**What you need to do:**
Among the lines below, the one containing "Angekommen am Aussichtspunkt, von" opens the range and the one containing "7.2.10 Buy Stamford" closes it. Print that range exactly, without the pictures.

**Supplied material:**
· · · · · · ·
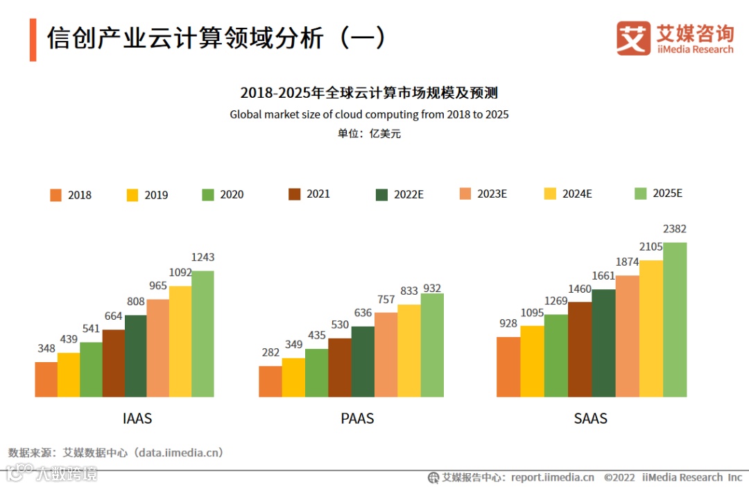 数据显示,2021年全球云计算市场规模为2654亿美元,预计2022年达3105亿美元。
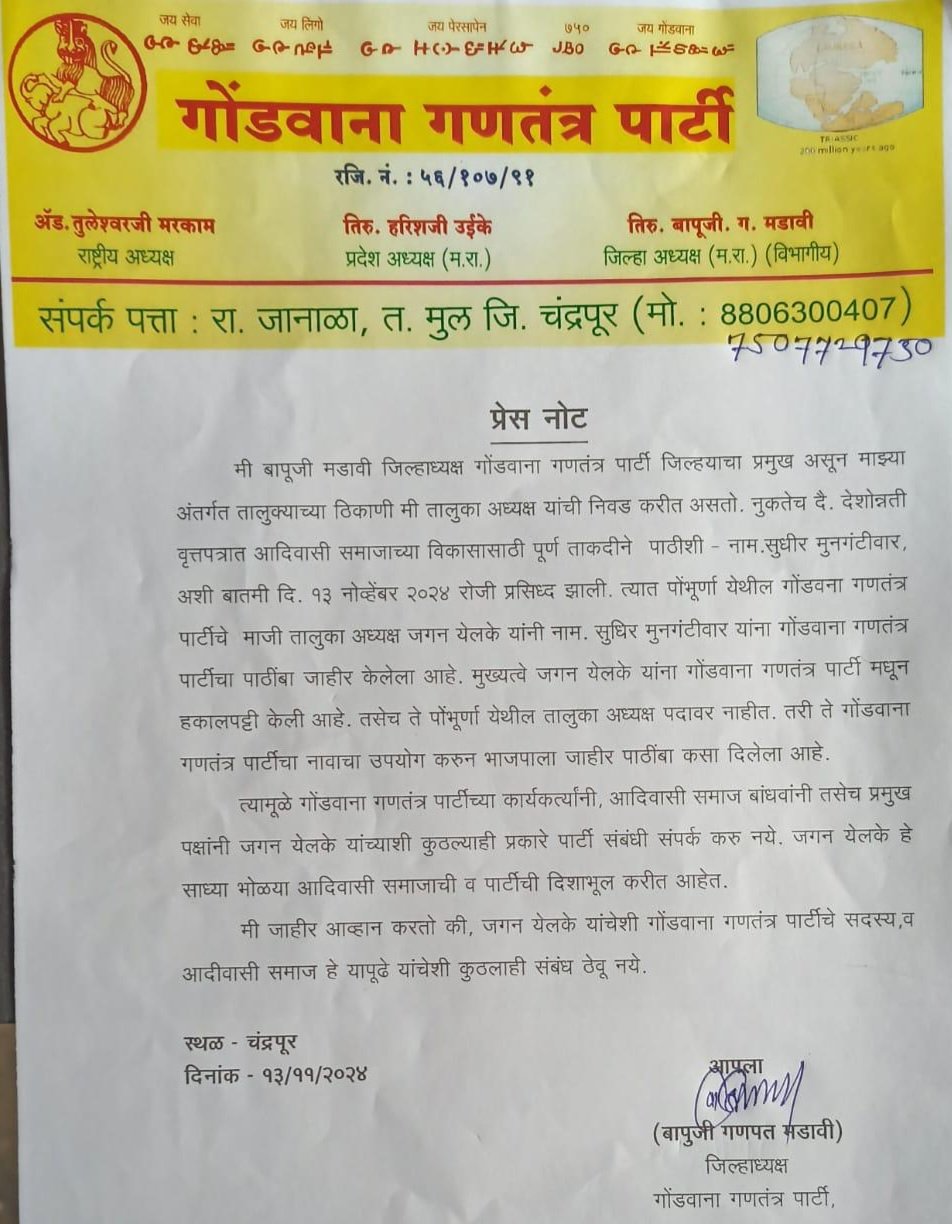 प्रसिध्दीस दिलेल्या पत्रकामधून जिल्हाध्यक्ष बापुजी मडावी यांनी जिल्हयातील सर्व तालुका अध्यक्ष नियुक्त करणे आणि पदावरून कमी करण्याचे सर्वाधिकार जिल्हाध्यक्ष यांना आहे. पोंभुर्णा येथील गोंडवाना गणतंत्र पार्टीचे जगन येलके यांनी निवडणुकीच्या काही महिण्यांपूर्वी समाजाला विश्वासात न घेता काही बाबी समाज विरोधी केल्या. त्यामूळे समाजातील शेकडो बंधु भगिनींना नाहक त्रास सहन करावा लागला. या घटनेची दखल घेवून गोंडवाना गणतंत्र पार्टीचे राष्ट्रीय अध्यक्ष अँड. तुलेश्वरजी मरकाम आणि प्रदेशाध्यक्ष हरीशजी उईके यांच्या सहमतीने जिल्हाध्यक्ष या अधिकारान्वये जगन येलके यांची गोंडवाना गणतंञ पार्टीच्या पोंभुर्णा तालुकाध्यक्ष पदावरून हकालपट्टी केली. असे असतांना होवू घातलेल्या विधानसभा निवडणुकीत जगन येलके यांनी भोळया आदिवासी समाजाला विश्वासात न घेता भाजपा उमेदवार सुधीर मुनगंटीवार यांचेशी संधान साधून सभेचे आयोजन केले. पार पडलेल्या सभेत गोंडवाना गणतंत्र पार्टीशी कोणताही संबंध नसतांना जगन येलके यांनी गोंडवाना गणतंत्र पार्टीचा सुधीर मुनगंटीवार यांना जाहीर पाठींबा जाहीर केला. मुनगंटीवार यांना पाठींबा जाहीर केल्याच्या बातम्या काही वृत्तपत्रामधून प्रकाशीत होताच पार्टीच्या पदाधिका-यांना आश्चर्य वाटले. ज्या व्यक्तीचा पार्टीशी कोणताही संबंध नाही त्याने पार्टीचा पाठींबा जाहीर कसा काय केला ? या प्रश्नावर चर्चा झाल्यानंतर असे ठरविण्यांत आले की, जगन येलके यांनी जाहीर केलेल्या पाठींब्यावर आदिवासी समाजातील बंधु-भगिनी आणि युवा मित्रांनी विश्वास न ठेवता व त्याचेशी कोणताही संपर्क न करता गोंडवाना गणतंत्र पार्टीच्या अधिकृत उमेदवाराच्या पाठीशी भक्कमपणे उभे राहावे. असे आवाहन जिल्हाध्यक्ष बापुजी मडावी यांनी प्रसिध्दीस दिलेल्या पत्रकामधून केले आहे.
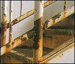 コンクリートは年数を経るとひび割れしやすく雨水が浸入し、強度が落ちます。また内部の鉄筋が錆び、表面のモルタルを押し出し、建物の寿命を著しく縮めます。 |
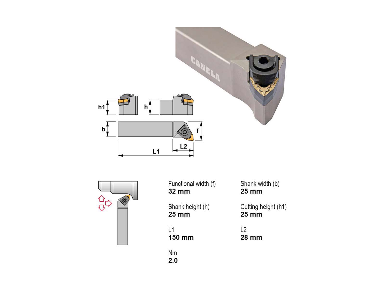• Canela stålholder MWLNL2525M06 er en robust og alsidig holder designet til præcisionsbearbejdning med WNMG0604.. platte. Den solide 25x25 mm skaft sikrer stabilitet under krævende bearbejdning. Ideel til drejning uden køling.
· · · · · · ·
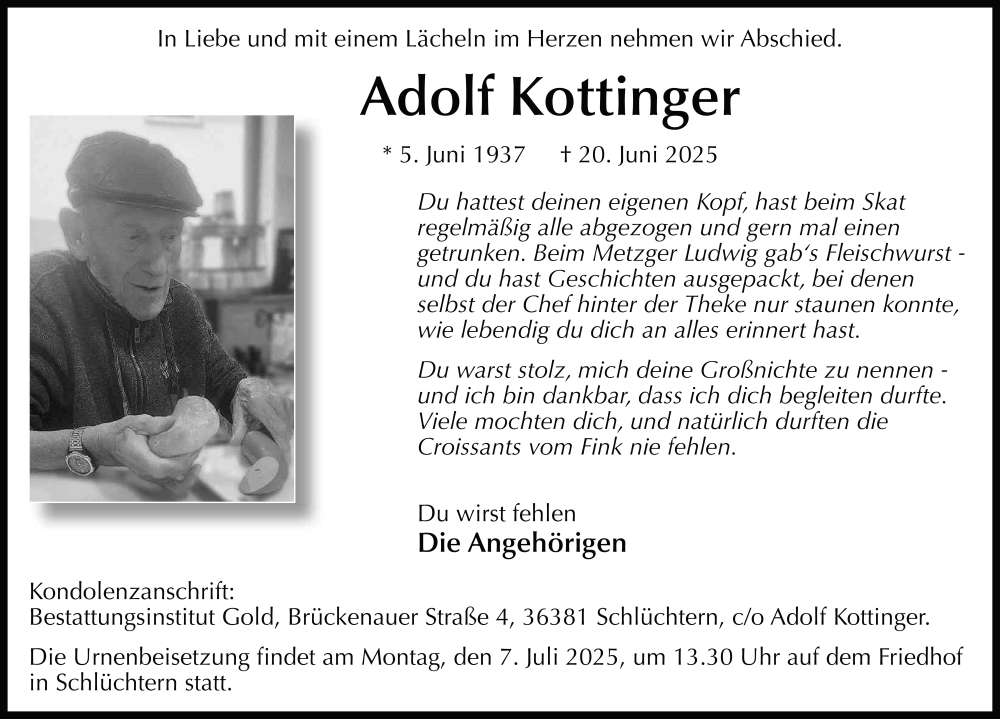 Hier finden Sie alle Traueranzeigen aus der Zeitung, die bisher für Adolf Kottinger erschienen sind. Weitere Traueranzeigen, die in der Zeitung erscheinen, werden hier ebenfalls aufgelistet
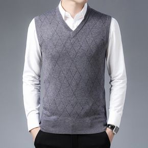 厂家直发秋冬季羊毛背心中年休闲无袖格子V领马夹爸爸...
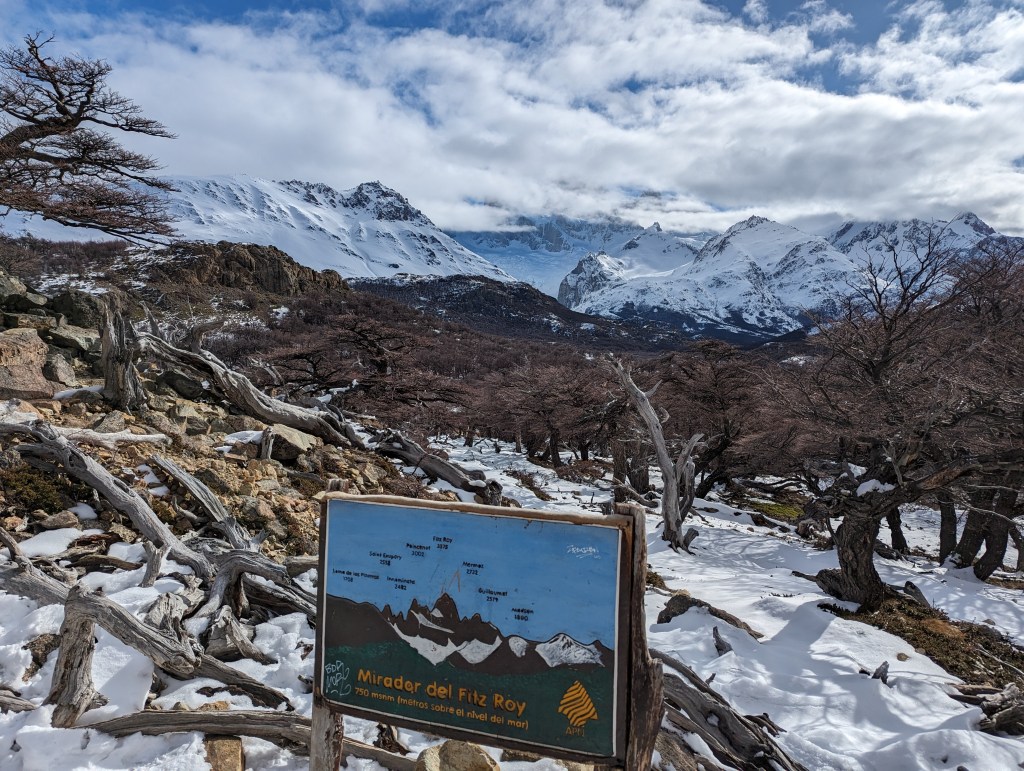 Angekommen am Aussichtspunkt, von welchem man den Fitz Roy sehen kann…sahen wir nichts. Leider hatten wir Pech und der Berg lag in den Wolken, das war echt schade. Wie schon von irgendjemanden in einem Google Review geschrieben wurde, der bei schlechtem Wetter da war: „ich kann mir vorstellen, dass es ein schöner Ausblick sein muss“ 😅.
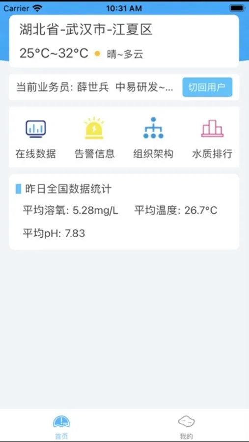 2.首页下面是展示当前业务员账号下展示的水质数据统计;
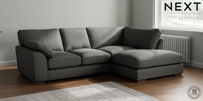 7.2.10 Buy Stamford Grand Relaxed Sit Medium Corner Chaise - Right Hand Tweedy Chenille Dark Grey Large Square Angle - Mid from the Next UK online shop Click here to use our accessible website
· · · · · · ·
**Reply:**
 Angekommen am Aussichtspunkt, von welchem man den Fitz Roy sehen kann…sahen wir nichts. Leider hatten wir Pech und der Berg lag in den Wolken, das war echt schade. Wie schon von irgendjemanden in einem Google Review geschrieben wurde, der bei schlechtem Wetter da war: „ich kann mir vorstellen, dass es ein schöner Ausblick sein muss“ 😅.
 2.首页下面是展示当前业务员账号下展示的水质数据统计;
 7.2.10 Buy Stamford Grand Relaxed Sit Medium Corner Chaise - Right Hand Tweedy Chenille Dark Grey Large Square Angle - Mid from the Next UK online shop Click here to use our accessible website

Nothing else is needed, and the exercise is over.